Учитель цинизма. Точка покоя - Владимир Губайловский
Шрифт:
Интервал:
Закладка:
Жили мы трудно, мама — баба Маня твоя — уборщицей на трех работах. Все равно совсем мало получала, отец на фронте погиб, стипендия у меня крохотная. Но было весело, хотя учиться и трудно.

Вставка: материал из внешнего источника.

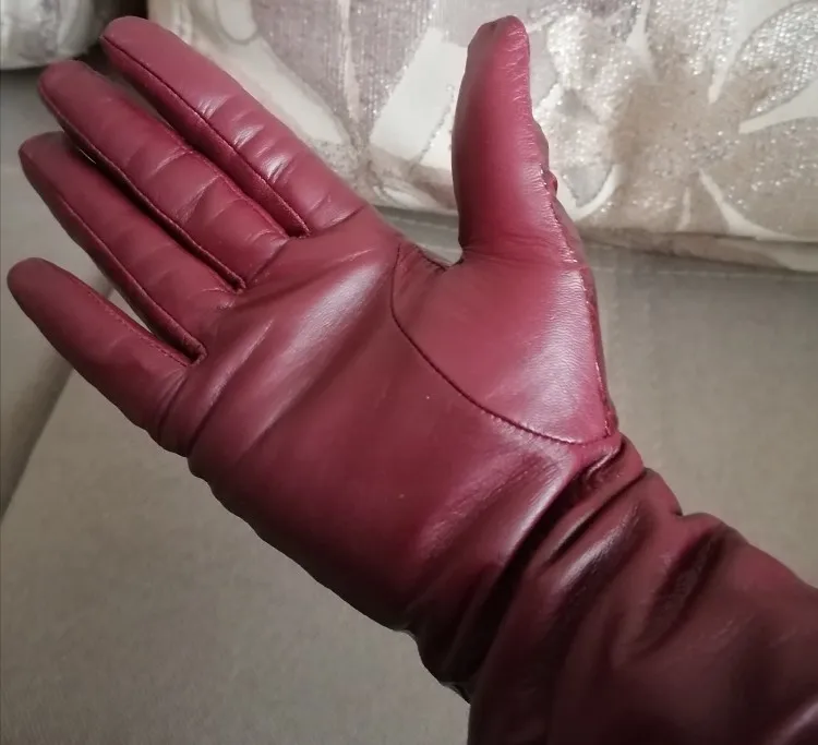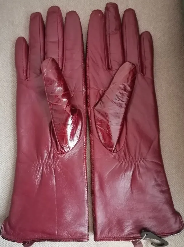 Доставка 23 дня. В принципе, перчатки не плохие, но присутствует сильный запах. Надеюсь выветрится. Кожа с внутренней стороны мягкая тонкая, на тыльной стороне ласковая кожа, она более жёсткая. Перчатки высокие, внутри тонкий флис, размер соответствует таблице. Цвет спелой вишни, на фото получились светлее. Сели хорошо кроме пальцев, длинноваты. Зачем делать такие длинные пальцы в перчатках, особенно на безымянном?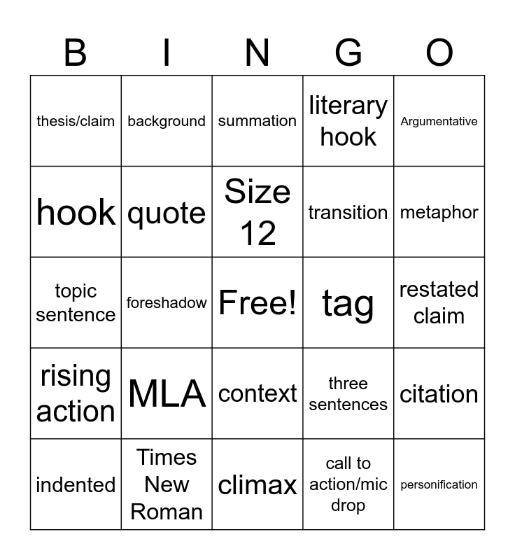 This bingo card has a free space and 24 words: MLA, Times New Roman, Size 12, indented, Argumentative, thesis/claim, hook, background, tag, context, transition, topic sentence, three sentences, citation, quote, call to action/mic drop, restated claim, summation, metaphor, foreshadow, personification, rising action, literary hook and climax.
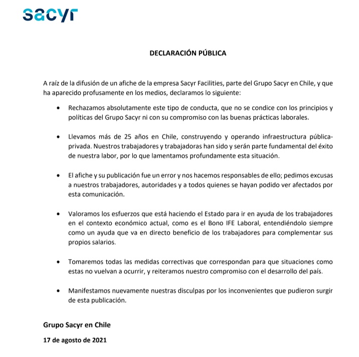 Por su parte, desde el Grupo Sacyr Chile, que incluye a la empresa Sacyr Facilities, emitieron un comunicado en el que se disculparon por lo acontecido, rechazando "este tipo de conducta, que no se condice con los principios y políticas del Grupo Sacyr ni con sus compromisos con las buenas prácticas laborales".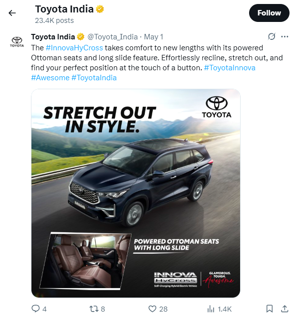 चार पहिया वाहन निर्माता टोयोटा-किर्लोस्कर मोटर ने भारत में इनोवा हाइक्रॉस (Innova Hycross) का एक्सक्लूसिव एडिशन लॉन्च कर दिया है।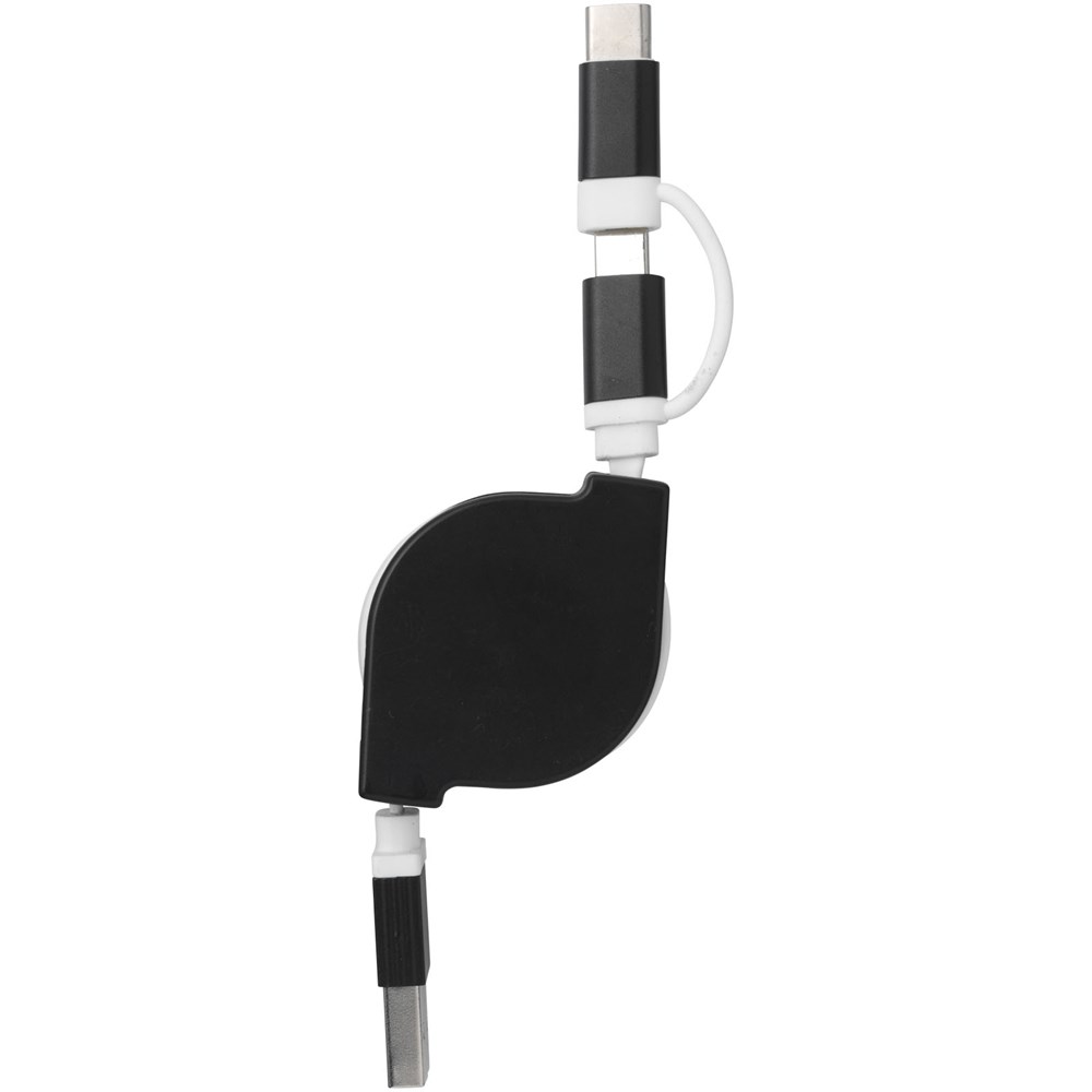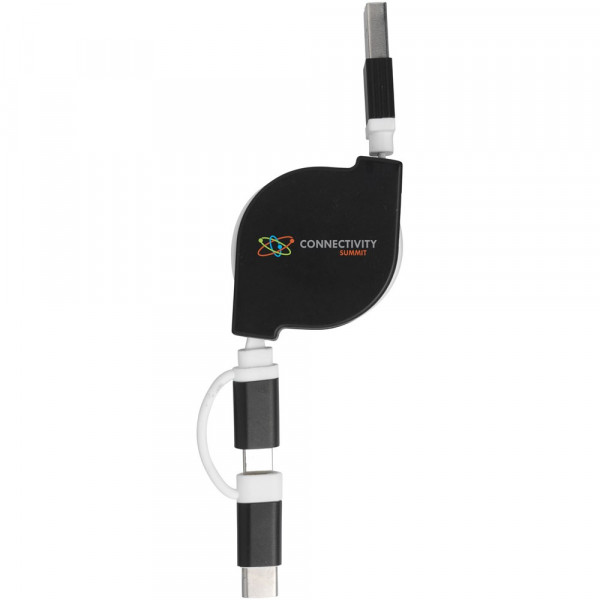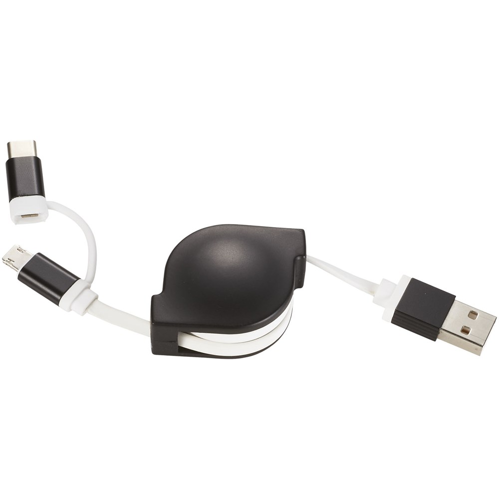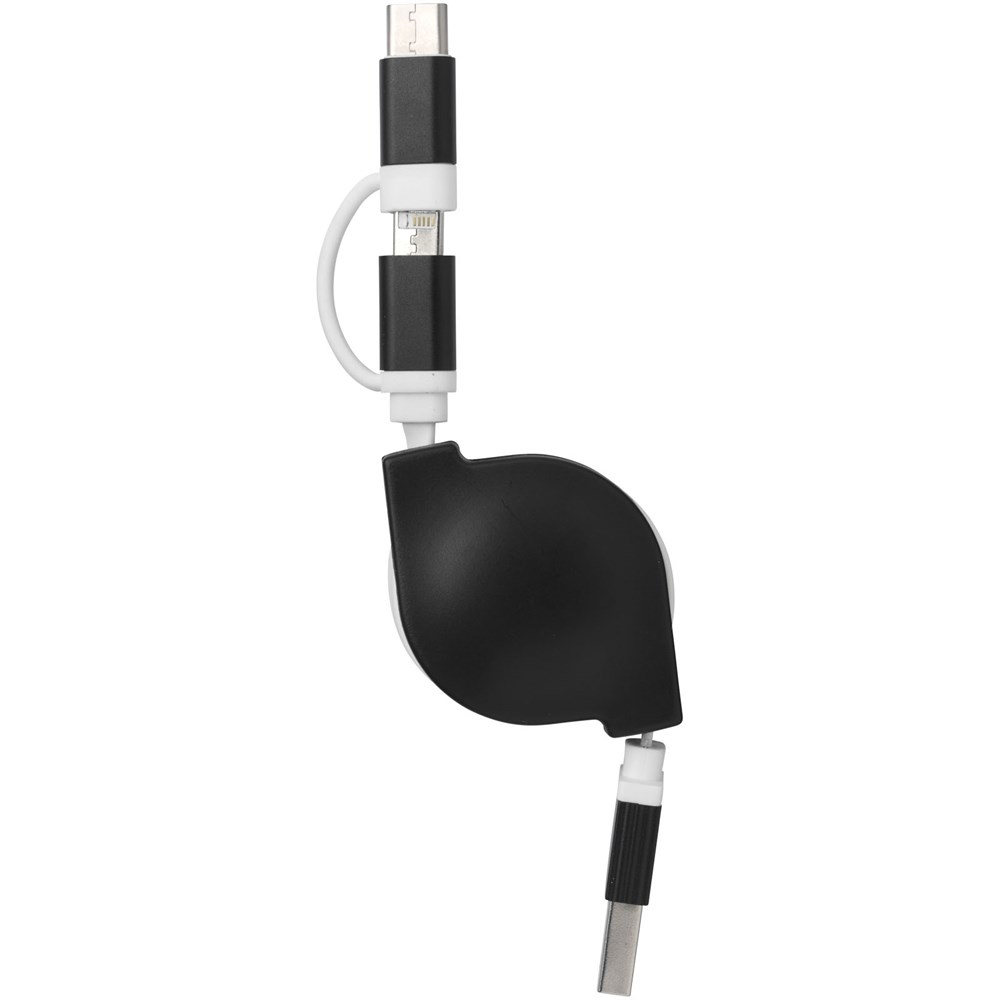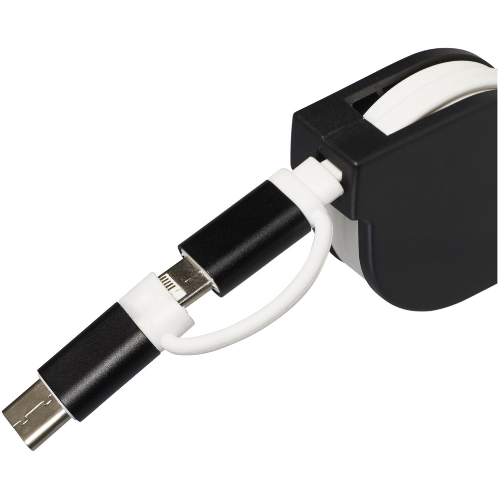 Dieses einziehbare 3 in 1 Ladekabel besteht aus einem USB-Typ C-Adapter und 2 in 1 Dual-kompatiblen Adapter für Apple iOS und Android-Geräte. Alle Adapter unterstützen die Aufladung und die Datenübertragung.

На Полысаевской у нас был небольшой домик — вроде медпункта или маленькой поликлиники. Вот весь день мы с медсестрой работали, больных принимали. Устали. Я встала из-за стола, от своей писанины оторвалась, подошла к окну, а там зимний закат. И странный фиолетовый оттенок на всем, но особенно на снегу. Я такого никогда не видела. Зову медсестру, говорю: «Смотрите, снег какой сегодня». Она подошла, посмотрела: «Ну снег как снег, обычный». Я даже не знала, что сказать. Как же она не видит! А потом поняла: она ведь действительно не видит. Глаз у разных людей настроен по-разному, а к старости чувствительность снижается, и человек тонкие оттенки перестает различать. Мир как будто выгорает, бледнеет, теряет краски. Может быть, природа так готовит человека к уходу? Из яркого горячего мира трудно уходить, а из блеклого, может быть, легче? Но так не всегда бывает, у многих людей глаза нормально различают цвета и в старости.
Когда я уже работала в больнице, самое интересное, хоть и самое трудное, — это были дежурства по экстренной помощи. Сделаешь вечерний обход, тяжелых посмотришь, назначения проверишь и идешь чай пить к хирургам. Мы большой бригадой дежурили. С нами иногда Зельман дежурил, уже когда стал заврайздравом — большим начальником. Он был хороший хирург и не хотел совсем на бумажную работу переходить. А может, адреналина не хватало. Это ведь всегда стресс. Кого сегодня привезут? Что делать? Как спасать? Тоже вроде спорта: успеем — не успеем, сможем — не сможем. Помнишь у Чехова, как Дымов умирает? Он у девочки дифтеритную пленку отсасывает и заражается. Чехов сам врач, он правильно пишет: нет в этом никакого особого героизма, просто несчастный случай на производстве. Дымов увлекся, забыл подстраховаться, ну и ситуация, конечно, была очень острая, думать особо некогда — ребенок задыхается. Главное, спасти — это почти голый азарт. Вот банкиру или финансисту, им что, миллиарды нужны? Они что, их потратить могут на свои удовольствия, что ли? Это ведь невозможно. Для них деньги тоже вроде спорта. Или человек разорился — у него осталось миллионов десять, вроде с голоду не умрет. А он в отчаянии стреляется.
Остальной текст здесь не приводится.